Hierarchical linear model, estimated parameters the same for each group

I’m learning PyMC. I’m trying to specify a hierarchical linear model, but something in my specification must be wrong, because I’m ending up with essentially the same values of parameters being estimated for every data group and every data subgroup.

I’m generating synthetic data - two explanatory variables and one explained variable that is a linear combination of the two plus intercept. There are two levels - observations are partitioned into 4 groups, each group is partitioned further into 3 subgroups, thus resulting in 12 clusters. The betas for particular clusters are generated as follows.

import pandas as pd
import numpy as np
import pymc3 as pm
import arviz as az

from sklearn.linear_model import LinearRegression

rng = np.random.default_rng(1231)

n = 200 #number of observations
m = 2 #number of explanatory variables
n_groups = 4 #four big groups
n_subgroups = 3 #three subgroups per group
n_clusters = n_groups * n_subgroups

clusters_sizes = [5, 5, 20, 9, 13, 14, 30, 17, 18, 19, 20, 30]
# clusters: 00, 01, 02, ..., 31, 32

## generate betas
global_beta_mean = 10
group_level_beta_var = 10

# sample mean betas for each of the 4 groups
group_level_beta_mean = rng.normal(global_beta_mean, group_level_beta_var, (n_groups, m+1))
subgroup_level_beta_var = 5

# sample betas for each of the clusters
beta_real = []
for item in group_level_beta_mean:
    for i in range(n_subgroups):
        beta_real.append(rng.normal(item, subgroup_level_beta_var))
beta_real = np.round(beta_real, 2)

And the (labeled) observations are generated as follows.
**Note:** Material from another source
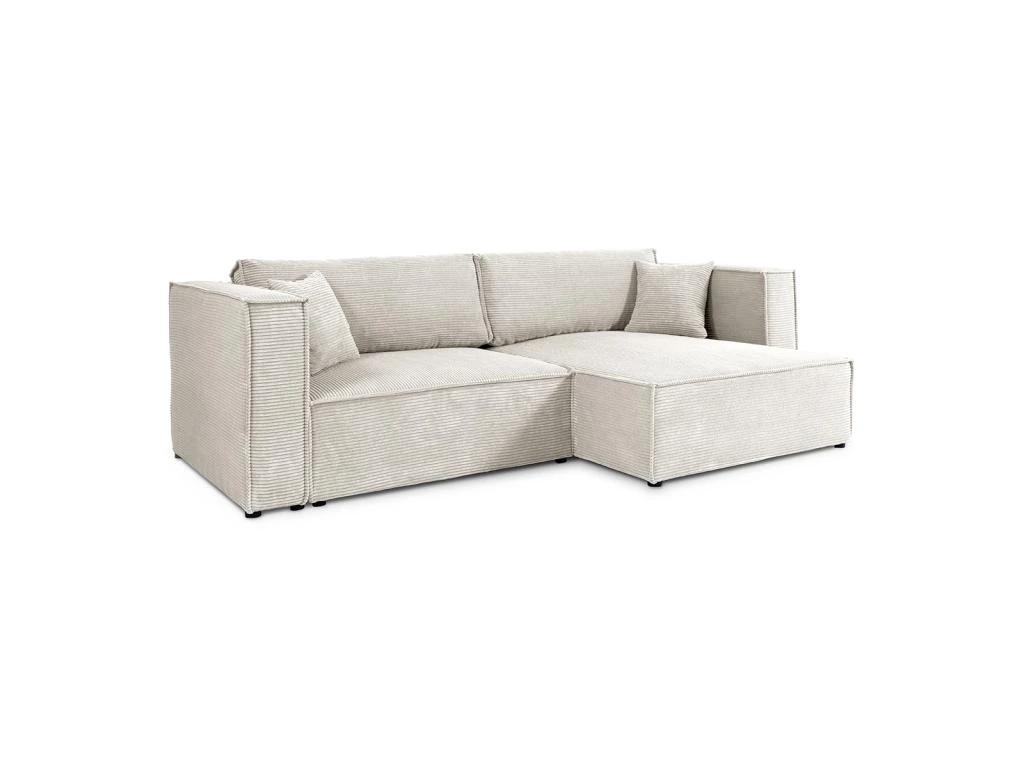 Matériaux : Tissu velours côtelé 100% Polyester – Rembourrage de l’assise : mousse de polyuréthane T28 épaisseur 11 cm et ressorts ondulés – Rembourrage du dossier : mousse T25 épaisseur 8 cm – Piétement ABS noir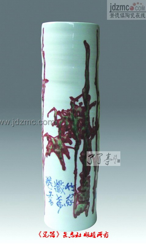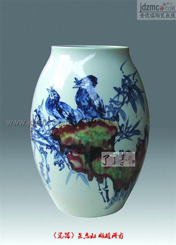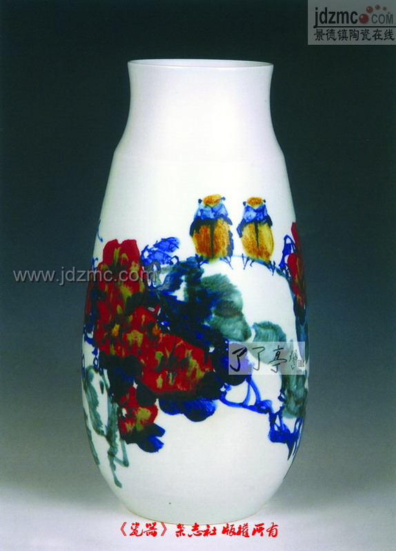 艺术家名片: 黄杨,1936年5月出生于江西省南昌市安义县,号天后斋老人。原名黄敬其,1965年更名为黄杨。江西省高级工艺美术师,中国工艺美术学会高级会员。 2010年被评为江西省工艺美术大师。 1962年景德镇陶瓷学院艺术系首届毕业生。同年分配在北京中国建工部建材科学研究院工作,因不结合专业,1964年回到景德镇,从事陶瓷美术设计,1990年调江西省陶研所工作,至今投身陶瓷艺术创作近50年。 少年时黄杨师从胡献雅、宁璘、余翰青等教授,勤学苦练国画和书法基本功,同时吸收历代名家表现技法提高自己的艺术水平,创作了大量的陶瓷艺术精品。作品多次在国内外展出中获奖,部分被博物馆、美术馆、陶瓷馆及收藏家珍藏,大部分作品远销日本、新加坡、美国、印尼、中国香港、中国台湾等地。 《瓷器》记者 程丽芳 文/图 在采访过程中,黄杨多次提到保尔-卡察金的那句我们都非常熟悉的名言,“一个人的生命应当这样度过:当他回首往事的时候,不会因虚度年华而悔恨,也不会因碌碌无为而羞愧!”他认为,自己这一辈子能投身到自己热爱的陶瓷创作当中,是最大的满足与收获。 艺术成绩: 1977年设计的《荷花》2号带托茶杯两套被景德镇陶瓷馆收藏。15头咖啡具和5头高白釉文具在厂大量生产。 1989年书法作品唐英诗词《花点轻装》被景德镇历史博物馆收藏。 1990年尺四磁盘《亲昵》虎,被美国彩盘中心布莱福特收藏。 1997年出版的大型画册《庆香港回归江西老年诗书画作品选集》,国画作品《春风带香归》被收录。 1993年纪念毛主席诞辰一百年陶瓷作品《红色井冈山》和《看万山红遍》花瓶被国家收藏。 1994年被收入《中国当代陶瓷美术家辞典》,同年赴日本现场技艺表演。 1998年纪念刘少奇同志诞辰一百周年陶瓷作品《群山呼唤》瓷瓶被国家收藏。 1995年、1996年赴上海表演。艺术传略被编入《中国当代名人录》,其作品有60多件在25余种大型画册中出版。 1999年青花釉里红2尺6瓷板画《猫头鹰》被中国美术馆收藏。陶艺《思》获得首届景德镇国际陶瓷节精品赛二等奖。尺8彩盘青花釉里红《双鲫图》被《世界美术集》华人卷收录。 “年纪大了,画画也是一种很好的锻炼。” 如果不是黄杨自己介绍,记者很难相信,眼前这位侃侃而谈的艺术家居然已经75岁了,这不由地让记者想到,景德镇为数众多的老艺术家们,在古稀甚至耄耋之年都能保持着旺盛的精力,投入生活和创作,恐怕最好的解释是:创作年轻了艺术家的心理,画画成为了最佳的运动方式。 虽然退休在家多年,但黄杨依然坚持不懈地从事着陶瓷艺术创作。天气好的时候,他每天都要出门去画室工作,如果遇到雨天,他则会呆在自己家里画画,阳台上专门腾出一个空间,成为他的小小画室。 黄杨是南昌人,出生在安义县。就像每家的长者,过年总要对家里的小辈聊起他们小时候的趣事,黄杨清晰地记得,当初自己对绘画萌生兴趣,始于一只大雁。 上小学时,在一次美术课上老师布置大家画大雁南飞,黄杨没有想到,自己交上去的画卷老师给打了100分!当黄杨看到分数时心里特别开心,在这以前,他还从来不知道原来自己还有绘画的潜质!从那一刻起,黄杨突然对绘画产生了浓厚的兴趣,而且充满了信心,要在美术上取得成绩。 最初,他开始进行大量的作品临摹,就这样,画画成了黄杨少年时期最大的兴趣爱好。 念初中的时候,这种临摹的成果得到了回报和检验,聪明灵活的黄杨利用课余时间,常常去市场上揽些画画的简单活计来做,那时候每到夏天,大家都是用油纸扇子消暑降温,黄杨利用业余时间给人家画扇面,虽然当时画一把扇面只能挣到几分钱,但毕竟是得到了市场的认可。 当时还有一件事也让少年求学的黄杨觉得骄傲和难忘,那是在上高中的时候,学校要筹备开展校园运动会,于是面向全体师生征集运动会纪念章的设计方案。而黄杨设计的纪念章图案从众多应征作品中脱颖而出,被校方选中。自己设计的纪念章被佩戴到了每位同学的胸前,令他获得了巨大的成就感。 没有专业老师指点,也没有过进行系统训练,仅靠着勤学苦练,天资聪颖的黄杨绘画水平日益精进。 1958年景德镇陶瓷学院首届招生,黄杨以优异的成绩成功考取该院艺术系本科,开始4年正规全面的艺术理论与实践学习。 总是处在自学状态的黄杨在迈入大学校门后,有了脱胎换骨般的变化,他特别珍惜这段求学时光,就连平时的周末和节假日他都在自觉练习画画。直到现在,黄杨已经年逾古稀,几十年过去,但他读大学时的绘画作业还被小心地保存着。 在陶瓷学院,黄杨先后师从胡献雅、宁璘、余翰青等大师,勤学苦练国画和书法基本功,为日后的陶瓷艺术创作打下了扎实的功底。读书期间,作为胡献雅老师的得意弟子,黄杨常常被点名在课堂上现场作画,为其他同学示范。 1962年大学毕业,黄杨因为品学兼优,被分配到北京,在当时的建工部建材科学研究院工作。北京,中国的心脏,每个中国人都向往的地方,虽然黄杨非常热爱北京,也很勤奋努力地工作,但他每天所从事的建筑卫生陶瓷科研,却与他因为一只大雁的成功而生出的梦想相去甚远。 因为,黄杨的梦想与志向,是有朝一日成为一名真正的陶瓷美术家。这令他不忍割舍自己喜欢了十多年的绘画艺术,不忍割舍陶瓷的情结,不忍割舍景德镇的情结! 在北京工作了短短一年多时间,黄杨毅然决定回到景德镇,全身

X = rng.normal(0, 12, (n,m))

df = pd.DataFrame({"y": np.nan,
                   "intercept": 1,
                  "x1": X[:,0],
                  "x2": X[:,1],
                  "group": np.nan,
                  "subgroup": np.nan,
                  "cluster": np.nan,
                  "cluster_n": np.nan})

group_ = []
subgroup_ = []
cluster_ = []
cluster_n_ = []

current_group = 0
current_subgroup = 0

for i in range(n_clusters):
    current_cluster = "{}{}".format(current_group, current_subgroup)
    current_cluster_size = clusters_sizes[i]
    for j in range(current_cluster_size):
    current_subgroup = (current_subgroup + 1)%3
    if current_subgroup == 0:
        # moving to the next group
        current_group = (current_group + 1)%4
df["group"] = group_
df["subgroup"] = subgroup_
df["cluster"] = cluster_
df["cluster_n"] = cluster_n_

for i in range(n_clusters):
    tempdf = df[df["cluster_n"]==i].copy()
    df.loc[df["cluster_n"]==i, "y"] = np.matmul(tempdf[["intercept", "x1", "x2"]], beta_real[i])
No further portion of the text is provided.